The present invention relates to a sprocket for roller chain that is designed to modulate the engagement frequency of a conventional roller chain without introducing harsh impact loads on the rollers or bushings. The present invention modulates the roller engagement by randomizing the radial seating position of the roller while maintaining a constant chordal length between the seated rollers. In particular, the root diameters of the sprocket roots (or the portion between the sprocket teeth for seating of the rollers) are randomized around the circumference of the sprocket.
Silent chains have previously used randomized sprockets in an attempt to modulate the engagement frequency of the chain links with the sprocket. The randomization of the sprocket is conventionally achieved by relieving, or removing, a small amount of material from the sides of some of the sprocket teeth.

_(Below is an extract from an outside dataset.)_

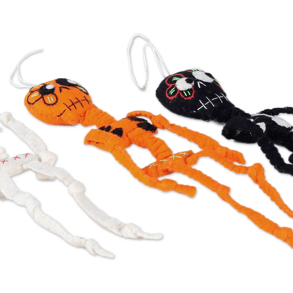 Embrace Halloween classics with this set of 4 clowns and skeletons, combining two of the spookiest symbols of the season! Each of the 4 full-bodied skeletons covers the total skeletal structure, measuring 15.7 inches in length and dressed in the freakiest carnival fashion. With a string on the top of their skulls, these skeletons can be easily hung on porches, trees, windows, or walls, adding an eerie touch to your Halloween décor. Fun Little Toys has made this holiday season a lot more fun with these hanging Halloween decorations, sure to give your guests a frightful delight!

The relieved sprocket teeth are typically interspersed with the non-relieved sprocket teeth in a predetermined pattern around the sprocket. The resulting chain drive produced a modulation of noise from engagement at the pitch frequency. An example of such a chain is shown in U.S. Pat. No. 3,377,875.
As a silent chain contacts such a conventional randomized sprocket, the chordal position of the links varies from sprocket tooth to sprocket tooth. As a result, some links in the chain are subjected to higher impact loads when they engage a non-relieved sprocket tooth that follows a succession of relieved teeth.
A roller chain that utilized such a sprocket with relieved teeth would have some rollers subjected to higher impact loads, which would lead to premature fatigue failure of the rollers. Since roller fatigue is one of the prime failure modes of high speed roller chain drives, this problem presents a major obstacle to the adoption of conventional random sprockets for roller chains.
U.S. Pat. No. 3,448,629 is directed to reduction of chain impact in a roller chain by modifying the bottom diameter of the sprocket root from the theoretically correct bottom diameter relative to a given chain and widening the gap between adjacent teeth of the sprocket sufficiently to allow the modified sprockets to mesh with the chain. This sprocket does not provide a randomization of the root diameters of the sprocket roots around the circumference of the sprocket.
PCT International Publication Number WO 97/11292, published Mar. 27, 1997, discloses a roller chain timing drive directed to reduction of impact noise by thinning the teeth and elongating the root land between each pair of teeth. Through detailed calculation, the root land is elongated resulting in a reduced thickness of the teeth as measured across itself from a drive flank to a coast flank. The result is the maintenance of contact of all rollers wrapped around a sprocket throughout the design life of the chain.